Но Эверфельд не смутился.

— Эта книга не резана на досках. Иоганн Гутенберг придумал, как печатать книги, обходясь без резьбы!

— Ну-ка! — словно не поверил Федоров. — А как же иначе-то?

— То секрет мастера! И наши печатники могут сделать сотни одинаковых книг с одной формы, не портя ее!

Тогда Иван Федоров, досадуя, не нашел ничего лучшего, как обрезать самодовольного немца.

— Может, оно и так, — согласился он, — да только как ваши мастера ни ухищряйся, а все одно книги их еретические. И уж лучше своей рукой истинное слово Христово распространять, чем вашей хитрой печатью словоблудие.

Эверфельд рассердился, спрятал книгу, что-то забормотал по-своему и долго дулся на Федорова и на Твердохлебовых, поддержавших молодого дьякона.

Немец и не догадывался, поди, как растревожил душу митрополитова переписчика.

А Иван Федоров не мог по-прежнему взять в толк, отчего еретикам открыто богом то, что скрыто от православных, от поборников истинной веры.

Он признался в сомнениях митрополиту.

— А зачем Иосиф у египтян в плену томился? — вопросом ответил Макарий. — Не проще ли было господу в милосердии своем не дать свершиться злу в долине Дофан, поразить братьев Иосифа, продавших его мадианитянам?

— Нет, владыка. Это я разумею. Ради благословения Иакова претерпел сын его.

— Гораздо отвечаешь. Тож и мы ныне претерпеваем, сыне, чтоб возвыситься и все другие языки в служении вере христовой превзойти. И превзойдем. Всему нас господь вразумит в свой срок.

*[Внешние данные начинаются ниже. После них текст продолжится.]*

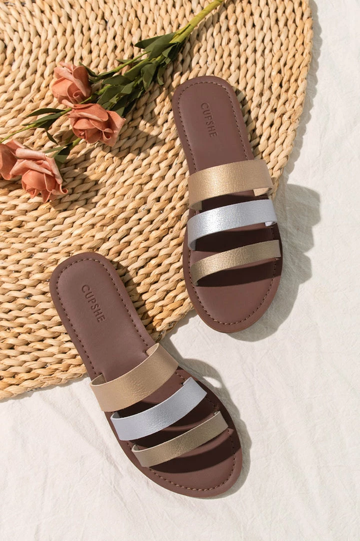 Our Olympia Three Strap Slides are the perfect sandals for a summer wardrobe staple; Easy slip-on design with open toe and strapless back;ย Comfy sole with no heel for easy wear;ย Available in multiple patterns and colors to suit your style.
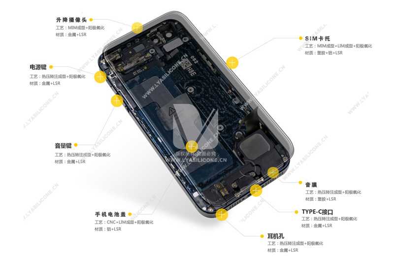 工藝:鋁合金CNC+表面處理/二次注塑成型/LSR一體成型

А Маруша Нефедьев о печатном писании немецком сказал прямо:

— Греха в нем нет, если только печатью истинную веру прославлять. Ты о Макарии-черногорце слыхал? Нет? Тогда годи-ка!

Он вынес тяжелую, в кожаном переплете с медными застежками книгу, бережно расстегнул, раскрыл.

В глаза Федорову сразу бросились славянские буквы. И пока он жадно разглядывал пестрящие киноварью красных строк, выносных знаков и значков плотные листы, Маруша поведал:

— Это митрополитов тезка, черногорский священник Макарий еще полста лет назад печатал… Красиво?.. Стало быть, не одни немцы сие искусство ведают!.. Ты к митрополиту вхож — попроси, он тебе еще и книги Феоля покажет. Ну, Феоль — немец. Но печатал в Кракове по-нашему. Правда, буквы у него приземисты…

И, видя, что Федоров никак не оторвется от книги, вздохнул:

— Хорошо бы и нам этак книги множить. И скоро, и ошибок за каждым дуроломом править не надо… Только вот как вызнать про печать? Уж я и фряжских и немецких гостей выспрашивал и Гаспара пытал, да толку нету. Молчат, бусурмане!

…Да, жизнь в Москве начиналась для Ивана Федорова спокойно. Она привечала, открывала путь к желанному подвигу и вдруг обрушилась на голову нежданной бедой.

***

…Год семь тысяч пятьдесят пятый — третий год пребывания Ивана Федорова в Москве — начинался событиями, обещавшими русской земле великие перемены.

Семнадцатилетний великий князь Иван Васильевич объявил московским боярам, что намерен жениться и прародительских чинов поискать.

Думали, за пирами да играми и не помышляет Иван о делах государственных, а он…

У иных бояр по спине пробежал озноб.

Вспомнили судьбу князя Иоанна Кубенского, казненного за лихоимство по доносу ближнего великокняжеского дьяка Захарова.

Не боле других был виноват князь Кубенский, а его и не выслушал никто. И заступиться за него не успели…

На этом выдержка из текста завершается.